Position: The Privacy-Auditability Paradox in Federated Learning: Why We Need Controllable Secure Aggregation
Abstract
Federated Learning (FL) has become the de facto standard for privacy-preserving intelligence, largely due to Secure Aggregation protocols that guarantee the mathematical invisibility of individual user contributions. However, we contend that this pursuit of perfect privacy has engineered a systemic vulnerability: the Privacy-Auditability Paradox.
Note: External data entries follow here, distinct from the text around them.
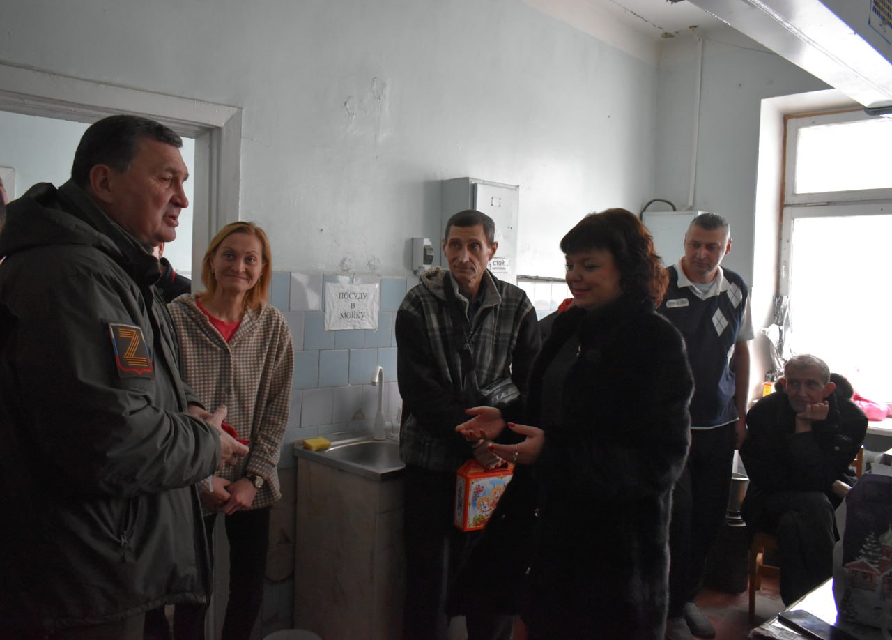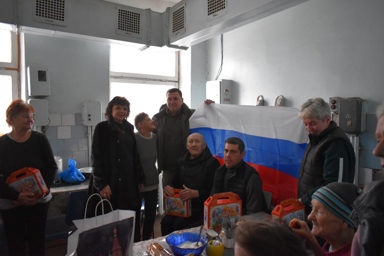С коллегами поздравили граждан, прибывших с освобождённых территорий с наступающим Новым годом: привезли новогодние подарки, фрукты.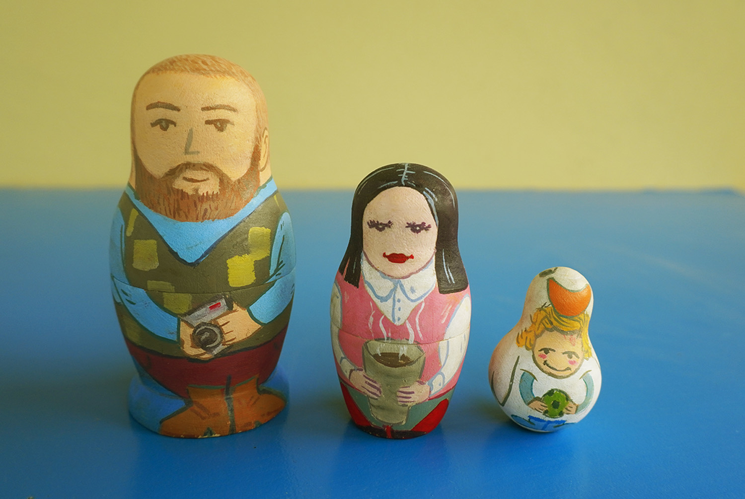 Da, skupljala sam ih u jednom periodu, jer sam naišla na neke koje su mi delovale jako posebno i retko, nisam znala da tigar može biti babuška (smeh). S druge strane, bilo mi je zanimljivo to rusko nasleđe, pogotovo književnost, onda su mi i babuške postale interesantne. Malo su mi i nostalgične, jer su ih članovi porodice iz Rusije dovlačili, pa mi imaju i tu porodičnu vrednost. Krenula sam spontano da skupljam, ali sam, isto kao i sa kasicama, brzo shvatila da ne mogu imati svaku babušku i da ne treba ni da je imam. Dosta sam ih i poklonila, a onda je i muž Nikola ošmirglao tri babuške i naslikao kao da smo na njima sin i nas dvoje (smeh).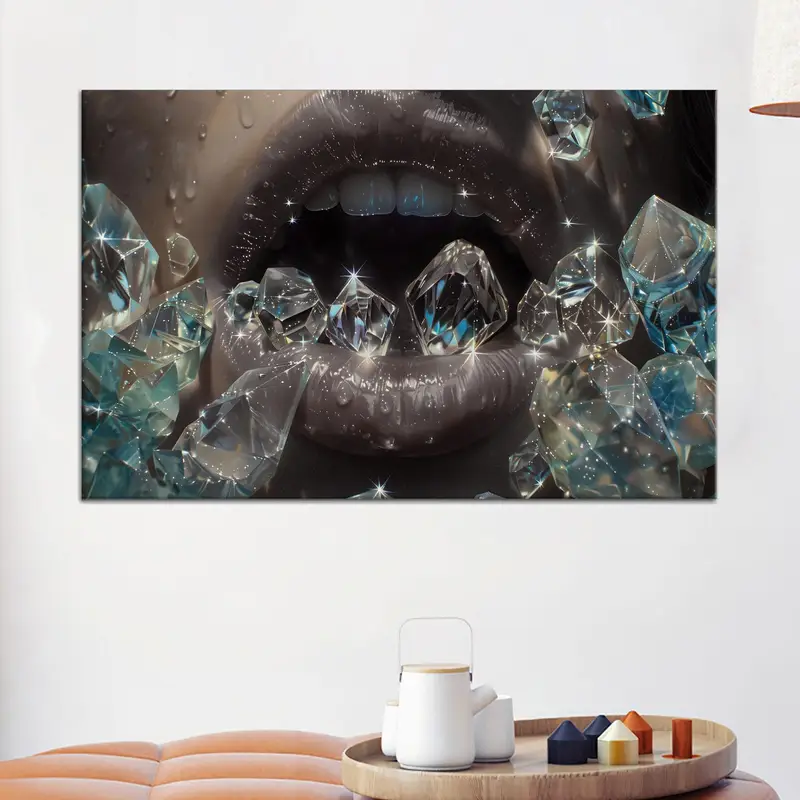 Artistic Mouth Abstract Diamonds Diamond Design Printed Canvas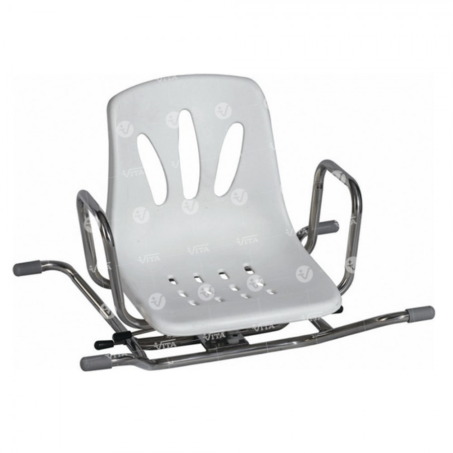 Κατασκευή από επιχρωµιωµένο µεταλλικό σκελετό. Άνετο πλαστικό κάθισµα µε οπές εύκολης διαφυγής του νερού. Πλαϊνά στηρίγµατα ασφαλείας ώστε να διευκολύνεται ο χρήστης κατά την είσοδο και έξοδο στη µπανιέρα. Μεταλλικός µοχλός ρύθµισης της περιστροφής του καθίσµατος.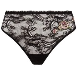 Der String mit Röckchen Arabeske Black ist eine luxuriöse Lingerie der italienischen Edel-Dessous Marke Ambra. Diese Lingerie im Look eines kurzen Röckchens hat einen eingearbeiteten String aus hautfarbenem Tüll. Die mit arabesken Blütenmotiven schwarz bestickte Tüllspitze ist darübergelegt – so entsteht ein interessanter Tattoo-Look Effekt.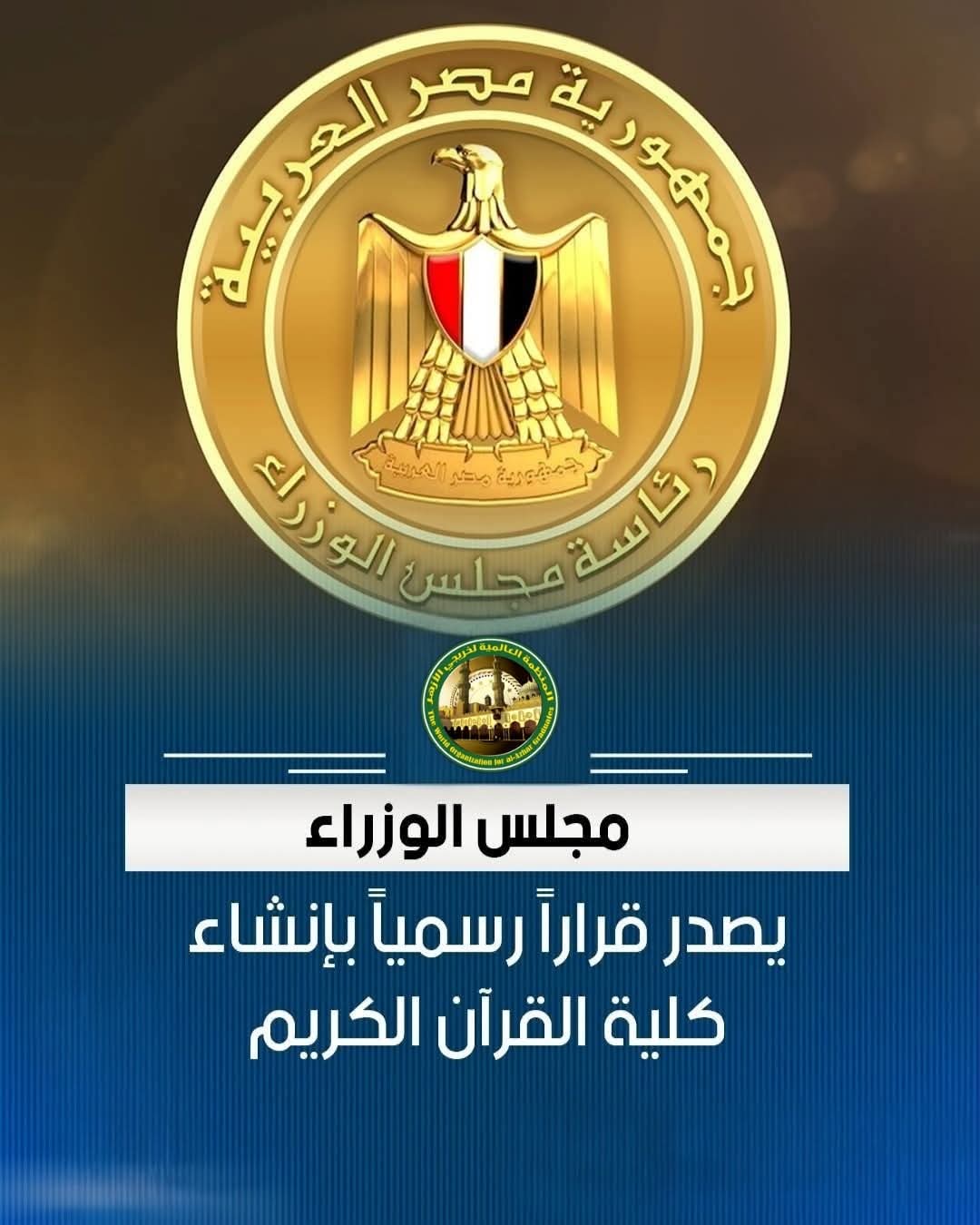 متابعة القراءةمجلس الوزراء يوافق على قرار إنشاء كليتي القرآن الكريم للقراءات وعلومها بجامعة الأزهر بالقاهرة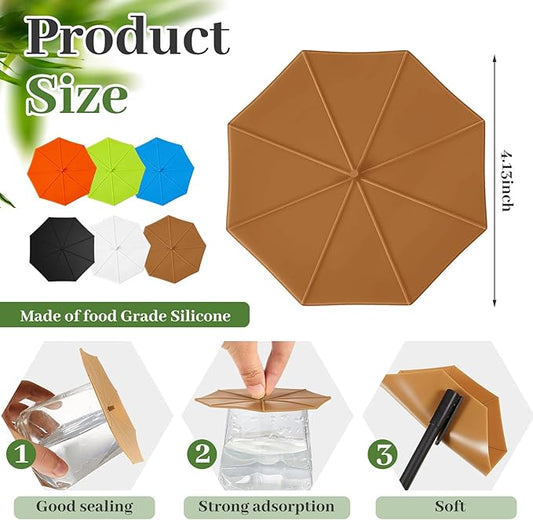 Patelai 6 Pcs Silicone Cup Covers 4.13 Inch Umbrella Silicone Cup Lids Flexible Coffee Mug Covers Reusable Mug Lid for Coffee Tea(Black, Brown, White)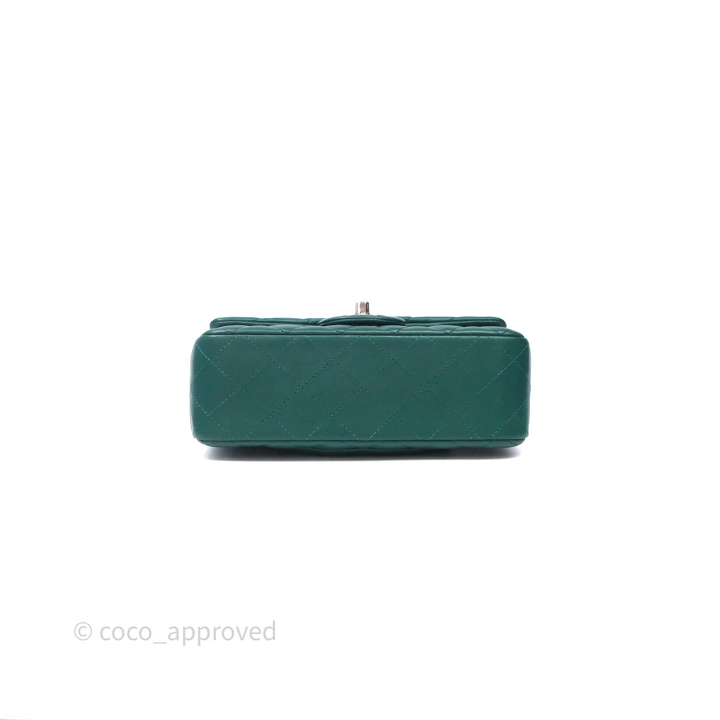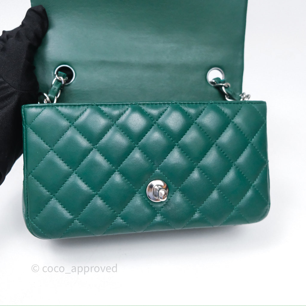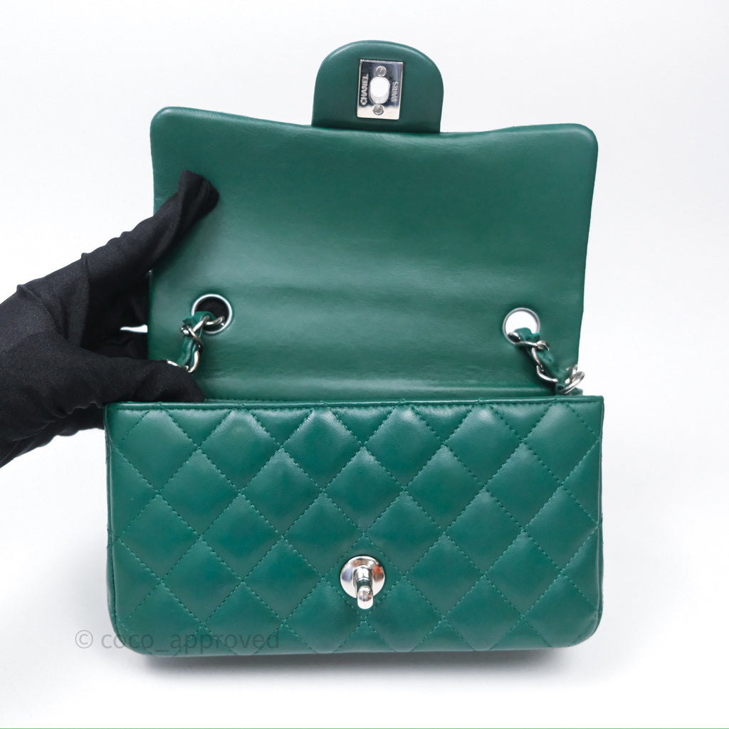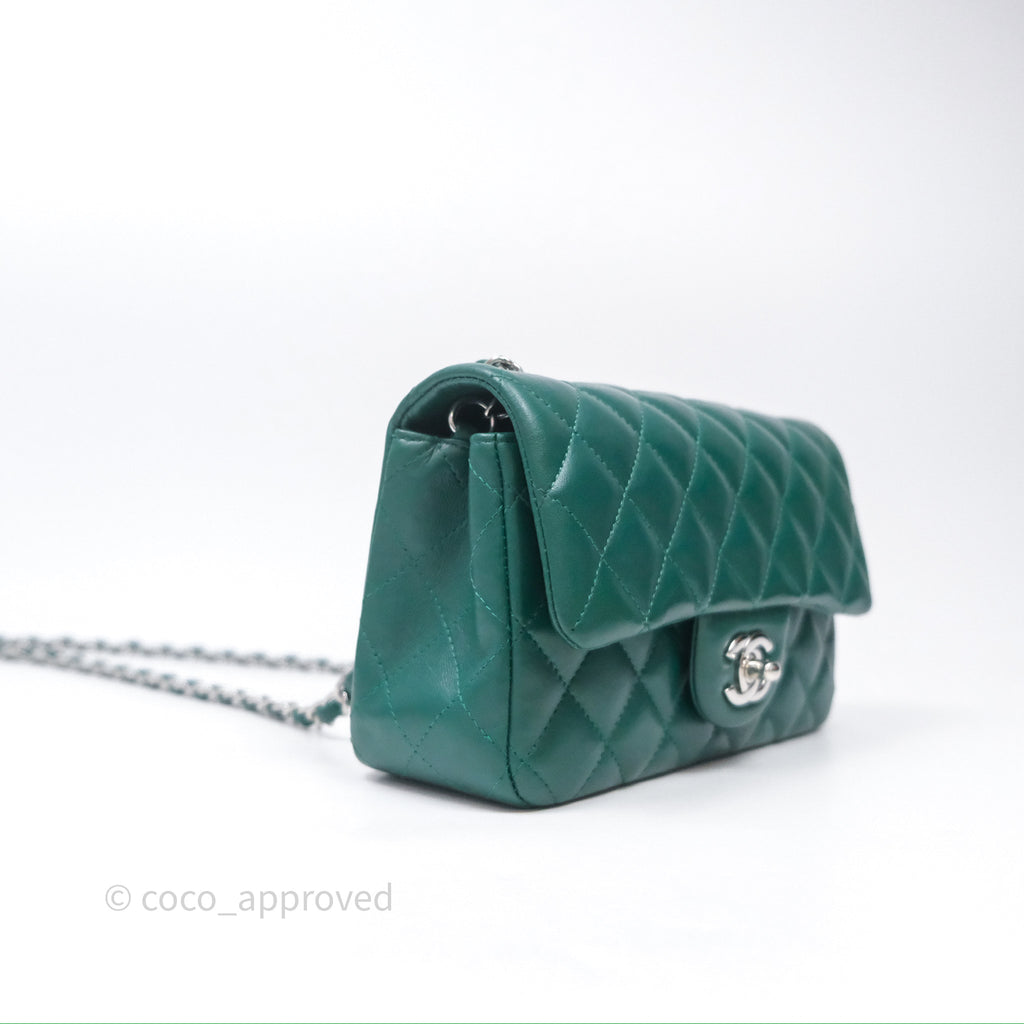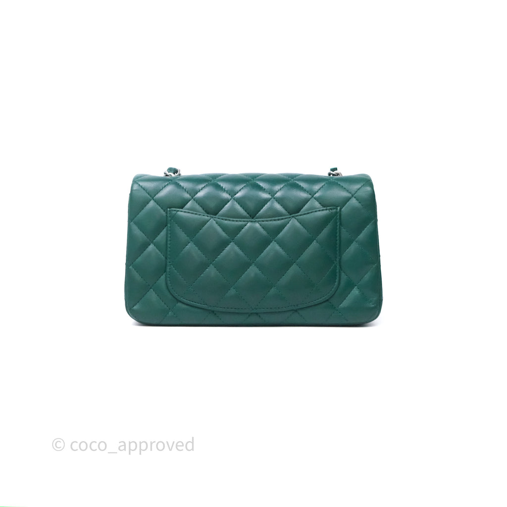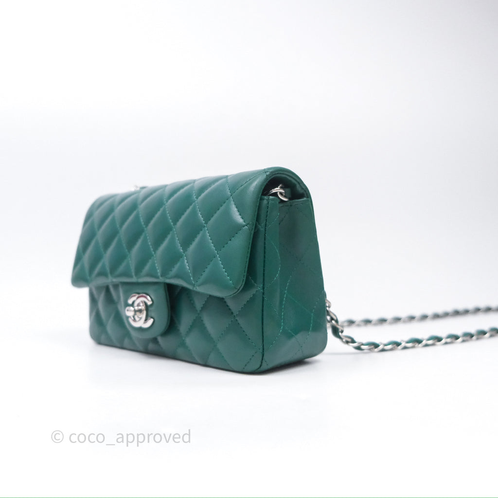 Chanel Mini Rectangular Quilted Lambskin Flap Bag Green Silver Hardware

By rendering user updates computationally indistinguishable, current protocols create a "Sanitization Gap" where malicious poisoning is undetectable and a "Regulatory Dead Zone" where compliance with the EU AI Act's robustness and explainability mandates is mathematically impossible. In this position paper, we argue that the community must transition from "Blind Aggregation" to Controllable Secure Aggregation (CSA). We propose a cryptographic paradigm shift utilizing Decentralized Multi-Client Functional Encryption and Zero-Knowledge Proofs (ZKPs) to replace binary secrecy with fine-grained policy-based governance. This framework introduces "Verified Blindness", where the server remains blind to raw data by default but possesses a cryptographically regulated "Break-Glass" mechanism to audit specific inputs under consensus-based governance. We conclude that adopting CSA is not merely a technical upgrade but an existential necessity to transform Federated Learning from an unregulated academic concept into robust, compliant, and trustworthy critical infrastructure.